The Department of American Culture and Literature is pleased to announce an upcoming talk by Dr. Kai Wen Yang entitled “In-Situ Displacement of the Body in Disaster Collaboration: Post-9/11 Redevelopment and Contamination in Ethno-Racialized Urban Spaces.” Refreshments will be served. We look forward to seeing you there.
Date: Tuesday, 18 March
Time: 17:30 to 19:00
Location: G-140
Abstract:
After the September 11 attacks, the collapse of the World Trade Center towers released toxic substances into the air over New York City, contaminating Chinatown and the Lower East Side (LES), two immigrant neighborhoods, and the Financial District, home to the world’s largest capital market.

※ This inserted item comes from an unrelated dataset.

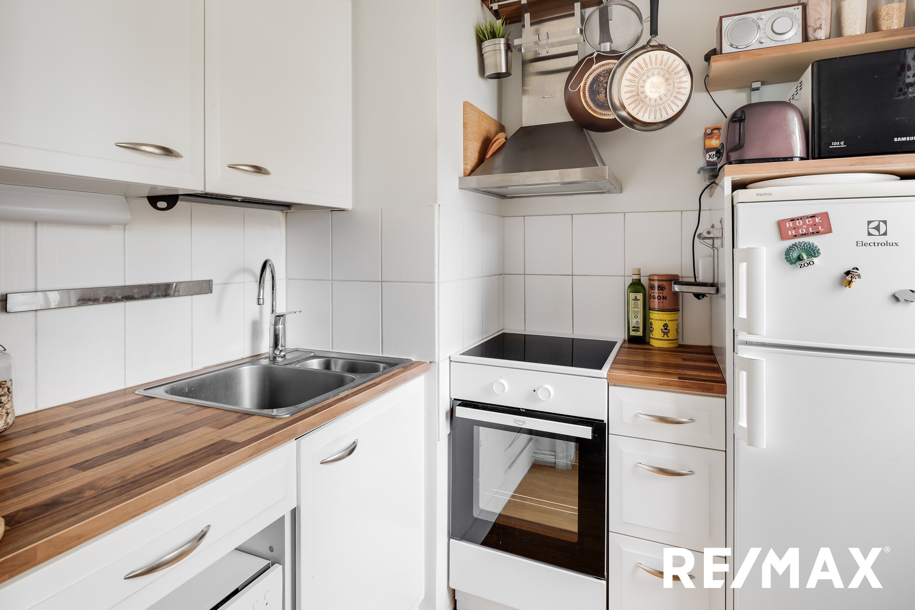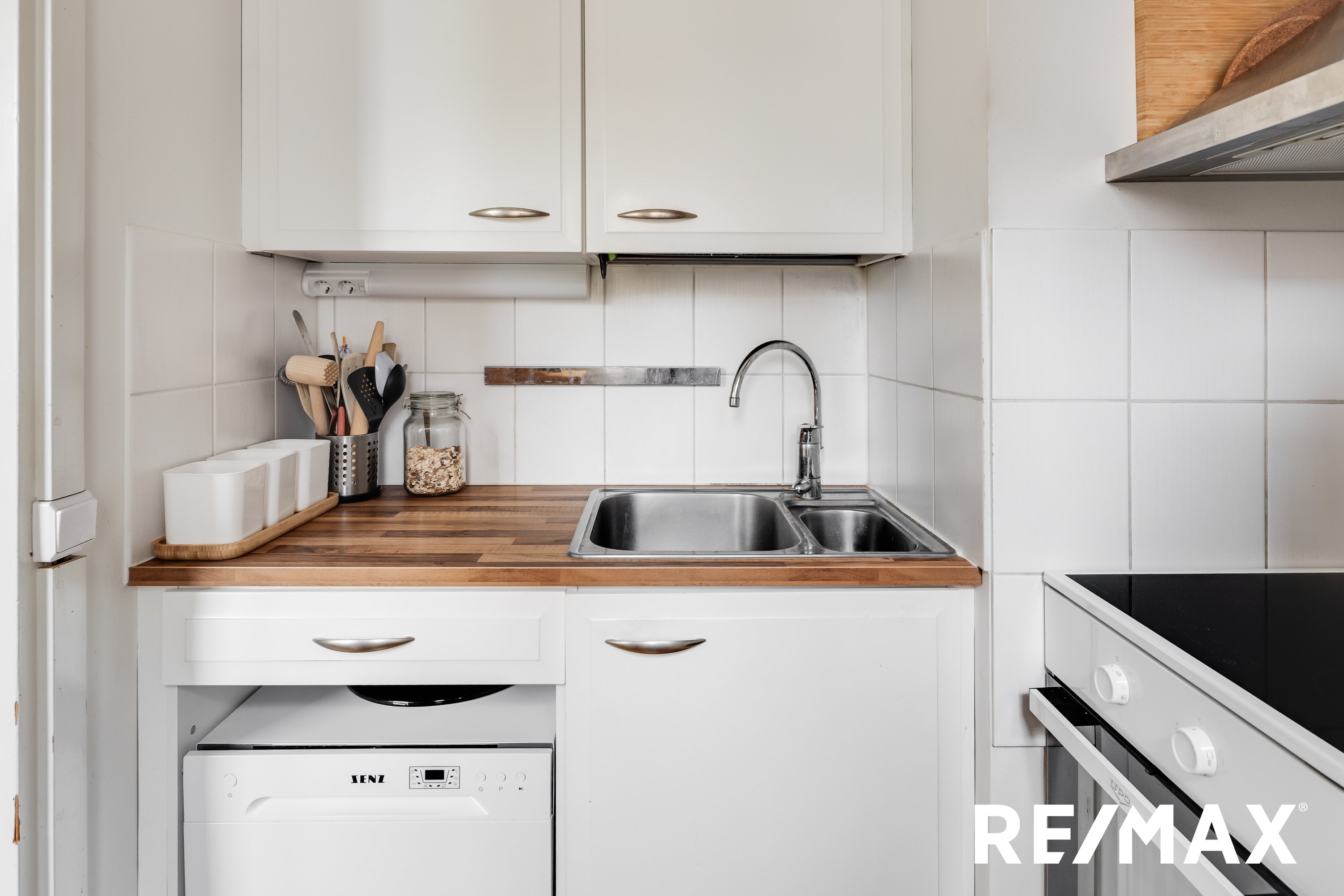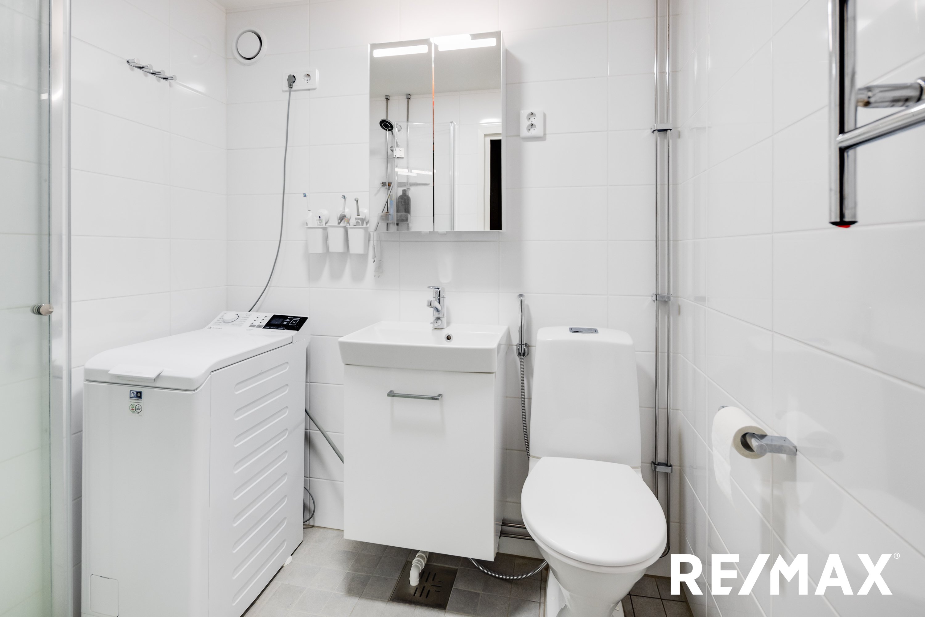 Keittokomerossa on kaikki tarvittava – jenkkikaappi, induktioliesi ja pöytämallinen astianpesukone tekevät arjesta sujuvaa. Olohuone ja makuuhuone ovat tilavat, ja laminaattilattiat tuovat modernia ilmettä. Kylpyhuoneessa on pesukoneliitäntä ja suihkuseinä, mikä lisää käytännöllisyyttä.

Reports and studies indicated that a racialized geographical restriction had excluded Chinatown and the LES from 9/11 relief programs, health programs, and cleanup efforts. This exclusion marked the beginning of disaster collaboration among governmental agencies, banks, nonprofits, and ethno-racial elites. Disaster collaboration reincorporated Chinatown and the LES within the broader economic framework of the Financial District. However, this reincorporation reproduced exclusion and proceeded without addressing the existing contaminants. Disaster collaboration created a new form of in-situ displacement, affecting the body’s biophysiological functioning as the body remained in a contaminated environment. Unlike eviction, biophysiological displacement became in situ as the body dwelled in contamination.
Bio:
Kai Wen Yang is a Visiting Research Professor at the University of California, Davis. He earned his Ph.D. in Sociology from the State University of New York at Binghamton. His research explores the production of sexually ethno-racialized urban spaces, “primitive” accumulation of capital, urban planning, and gentrification. He is currently completing a monograph titled Collaborative Displacement: the Convergence of the Real Estate Industry, Governing Power, and Housing Activism in the Remaking of Urban Spaces.